Saratoga Casino Hotel
- Interactive map of Saratoga Casino Hotel
- Location: Saratoga Springs, New York
- Coordinates: 43°03′41″N 73°46′26″W﻿ / ﻿43.061469°N 73.773789°W
- Owned by: Saratoga Harness Racing, Inc.
- Date opened: 1941
- Race type: Standardbred

= Saratoga Casino Hotel =

Hotel in Saratoga Springs, NY

Saratoga Casino Hotel (formerly Saratoga Casino and Raceway) is an establishment in Saratoga Springs, New York. Saratoga Casino Hotel is home to a 1/2-mile standardbred race track, with a racino and hotel located inside the racetrack's grandstand. Saratoga Casino Hotel is not connected to the historic Saratoga Race Course thoroughbred race track located across the street on Nelson Avenue.

==Facility==
Saratoga Casino Hotel has three entrances: A primary entrance on Jefferson Street, where the Saratoga Harness Hall of Fame is located, a secondary entrance on Crescent Avenue, and a third entrance on Nelson Avenue, just north of its intersection with Crescent Avenue. The facility is located on the southeastern tip of Saratoga Springs. First opened in 1941 as a harness racing track, the facility was expanded in 2004 to include video lottery gaming terminals, or VLT as they are officially called. Then in 2016, a hotel was constructed on the north end of the property where a training track once existed.

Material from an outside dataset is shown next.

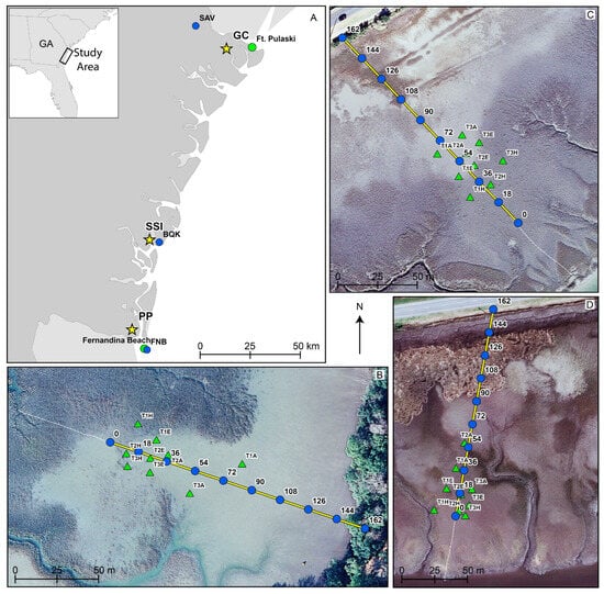 Site names were assigned based on location (Figure 1A), and abbreviations are as follows from north to south: Gray’s Creek (GC), St. Simons Island (SSI), and Point Peter (PP). For geospatial analyses presented below, all data used a common horizontal (North American Datum (NAD) 83(2011)/Universal Transverse Mercator (UTM) Zone 17N, European Petroleum Survey Group (EPSG): 6346) and North American Vertical Datum (NAVD) 88, GEOID 12A, EPSG: 5703) in unit meters. The GC site is located at 496,468.97mE 3,543,772.09mN (32.030289° N, 81.037223° W) near the city of Savannah. It is bounded by an urban housing development on the east and a tidal river called Grays Creek on the west (Figure 1B). S. alterniflora is the dominant vegetation at this site. The SSI site is located at 457,978.70mE 3,448,034.98mN (31.165996° N, 81.441708° W) off the F.J. Torras Causeway between St. Simons Island and the city of Brunswick (Figure 1C). This site is bordered by the F.J. Torras Causeway on the north–northwest and the tidal Mackay River on the south–southeast. Data from SSI were collected exclusively from S. alterniflora-dominated areas, avoiding areas with salt pans. Borrichia frutescens (sea ox-eye) and J. roemerianus are found along the upland border of the SSI site. The PP site is located at 449,154.00mE 3,403,002.81mN (30.759840° N, 81.531281° W) near the city of St. Marys and is bounded by the North River Causeway to the north and the tidal St. Marys River to the south (Figure 1D). In addition to S. alterniflora, J. roemerianus is present at this site near the causeway (Figure 1D), and both species are included in the ERT data at this site.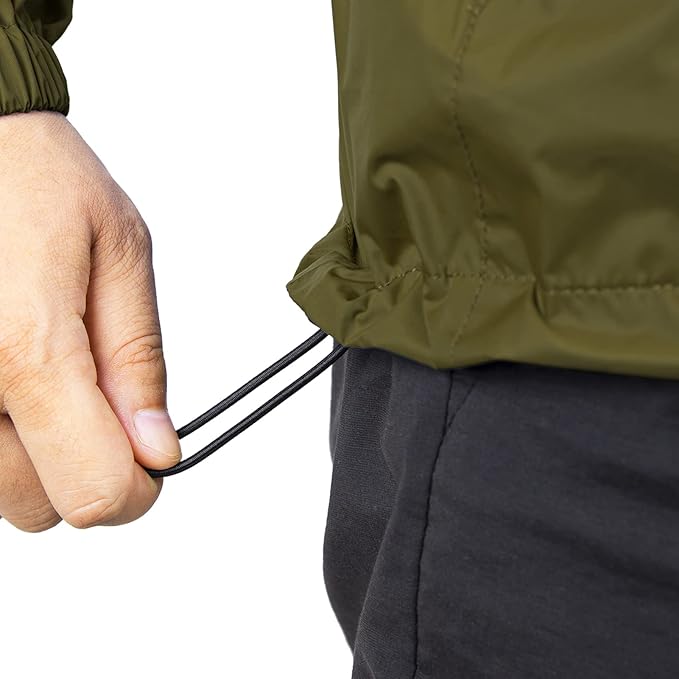 • ?�Unique Design?‘Lightweight lite rain jacket elastic cuffs prevent the rain drops to the cuffs; Adjustable drawcord hood to prevent yourself from being wet; The hem contains elastic rope for warmth and keep you dry. Suitable for casual wear, outdoor sports, outdoor work, traveling, cycling, hiking, climbing, fishing, camping, hunting.

The track is a 1/2-mile oval, where horses do two laps to complete the commonly used 1 mi distance used in U.S. standardbred races. Because of the landscaping present in the infield and the country feel, the track has been dubbed "The most beautiful 1/2-mile track in the country. For some time, an expansion of the track to a 5/8-mile oval was being discussed, but it never came into fruition, and no further discussion about an expansion to the track's oval has come up in the last 10 years.

Inside, the first floor grandstand has been converted into the casino, with over 1,700 video lottery terminals, or VLT's for short. While the majority of these are slots, there are some poker, roulette, blackjack and keno games present, all in video format. There is a Diamond Jim's bar and two eateries, one a regular fare menu called Lucky Joe's, and the other a buffet restaurant called Garden Buffet. And there's a nightclub called Vapor's, home to live music, DJ remixes and other special events throughout the year. The second floor was renovated prior to the VLT inclusion, but hosts simulcast and live wagering as well as stands for fans to sit and watch the races, and Fortune's Restaurant, a sit-down casual dining facility serves meals during the racing season, typically between March–December. Attached to the Grandstand is the Clubhouse, essentially unchanged over the past 15 years that the facility has undergone massive changes. Open only during live racing, the clubhouse houses one bar and a quick food eatery for patrons watching the races, in addition to the accustomed wagering terminals.

Except for the craps and roulette, where the results are random and not based on previous outcomes, the slot machines are such where each play is dependent on the results of lottery scratch play ticket pre-determined by the centralized computer system—which in this case is the New York Lottery. All machines work on a voucher system, where the patron inserts money or a ticket, and all payouts are given in the form of a printed voucher, which may be inserted into another machine or turned into the cashier cage for payment.

==History==
Saratoga Casino Hotel has changed names over the past 20 years with the various changes to the facility. The track, originally dubbed Saratoga Raceway, was opened in 1941 as a facility for American harness racing and was the third racetrack to have pari-mutuel wagering. According to the history books, the Saratoga harness racing legend was born when two horses named Lady Suffolk ( The Old Gray Mare) and Moscow were set against each other in a staged race in the city of Saratoga Springs.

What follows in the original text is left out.